When you go back through the gateway, turn right and walk along
Chornomorska Street until you reach Stary Rynok Square (Old Market Square). Stop near the
beginning of Uzhhorodska Street, in front of a small, but beautiful church – the Church of John
the Baptist (3 Stary Rynok Square and 1 Uzhhorodska Street). This church was built in the
middle of the XIII century by Lev, Prince of Galicia-Volhynia, for his wife Constance, daughter
of the Hungarian King, Bely IV. Apparently, Constance so grieved for her homeland and her
Roman-Catholic faith that her husband decided to build this church for her. According to
legend, Constance was buried in a crypt in this same church. The original structure did not
survive to our days; it was rebuilt in the Neo-Romantic style by the architect Yulian
Zakharovych in 1886, although some ancient elements have been preserved. Sections of
some mural paintings in the interior date back to the XVII century. In 1989, the Museum of
Ancient Memorials was opened here, but liturgical services are still conducted in the church.

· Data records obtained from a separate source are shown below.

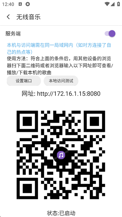注意:本机和访问端必须处于同一局域网环境中。(例如,对方连接了本机创建的热点,或者与本机连接同一个wifi等情况)
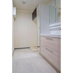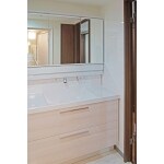 システムバスの出入り口は気を付けていても濡れてしまいますが、洗面所の床を耐水性のある専用のフローリングを採用したので安心です。洗面化粧台は全面引出し収納で収納力抜群で、物で溢れることを改善しました。自動水栓で便利です。
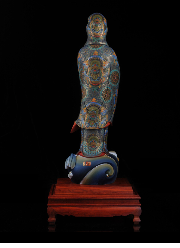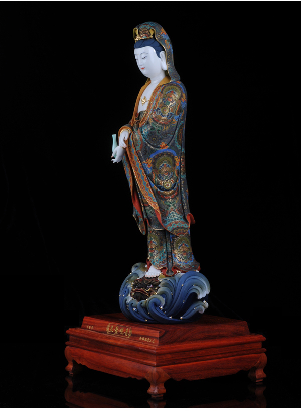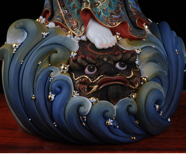 作品《立鳌观音》继承德化“何派”传统加以创新的雕刻手法,精雕细刻,把观音踏鳌巡海,漂浮于大海波涛之中,线条流畅,衣纹自然、飘逸,温润如玉,更展现其纯净、高雅的“东方女神”之魅力。
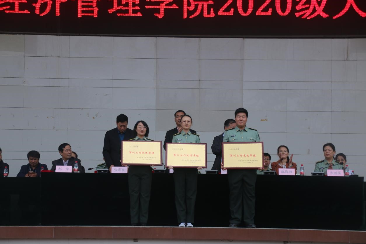 郭海燕宣读了军训工作获奖名单,管理系、商务系、文法系荣获军训工作先进单位;会计系、信息系、经济系荣获军训工作优秀组织奖。
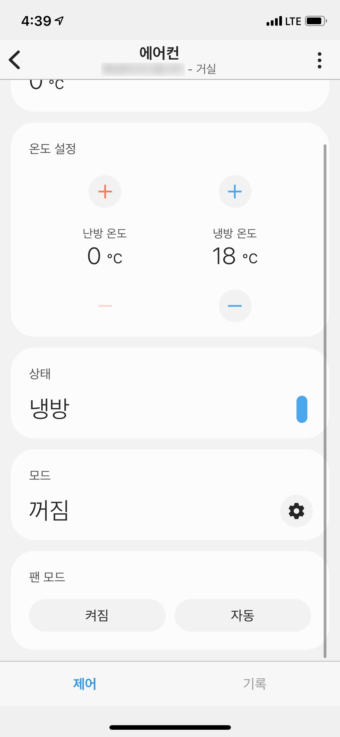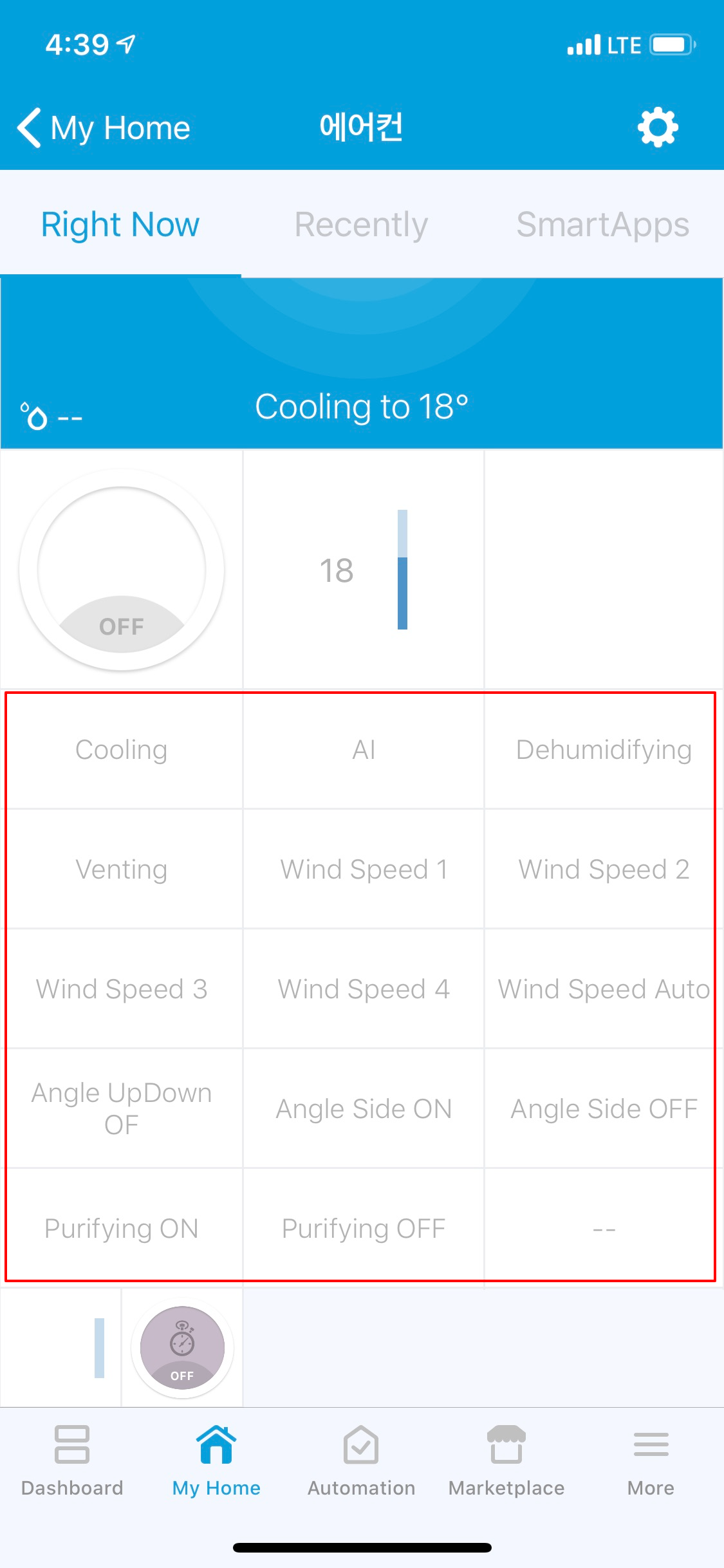 스마트싱스 뉴앱에서 에어컨을 컨트롤할 수 있는 부분은 극히 제한적이며

From Stary Rynok Square, walk along Pylnykarska Street until you
get to the oldest building in Lviv, the Orthodox Church of St. Nicholas (28a Bohdan
Khmelnytsky Street), a striking model of ancient Ukrainian architecture from the XIII century. In
1292, Prince Lev issued a charter to this church, whereby it was allowed to administer land till
the end of time. It is believed that this church was the princely court’s place of worship. The
princes of Galicia-Volhynia attended liturgies in this church and were buried here. Thick walls
were constructed with large squared blocks of stone; imposing cupolas with lanterns crown the
edifice. The church was built according to the requirements laid down by Byzantine
architecture: the building has a cruciform shape with a semicircular apse covered with a semi-
dome. The unknown architect of the church planned the church according to Orthodox
dogmatic principles, giving it the strict form of a Greek cross, and thus making it look very
similar to Orthodox churches of south European countries. The church has a long and
turbulent history of fires, floods, epidemics, and attacks by foreign armies. The church was
often set on fire and plundered, but some holy relics managed to be saved. When the
Patriarch of Antioch, Joachim stayed in Lviv, he personally blessed the church with some relics
of St. Nicholas. The church takes pride in the beautiful icon of St. Nicholas, the Miracle
Worker; here, the saint is portrayed on a gilded background in splendid Byzantine sacerdotal
vestments. There is also another icon, which was saved from the former neighbouring Church
of St. Theodor; this icon has become a testament to all the Ukrainian churches which were
destroyed by the Austrian government at the end of the XVIII century. The frescoes on the
main façade were painted by the Ukrainian artist, Petro Kholodny, Senior in the 1920ies.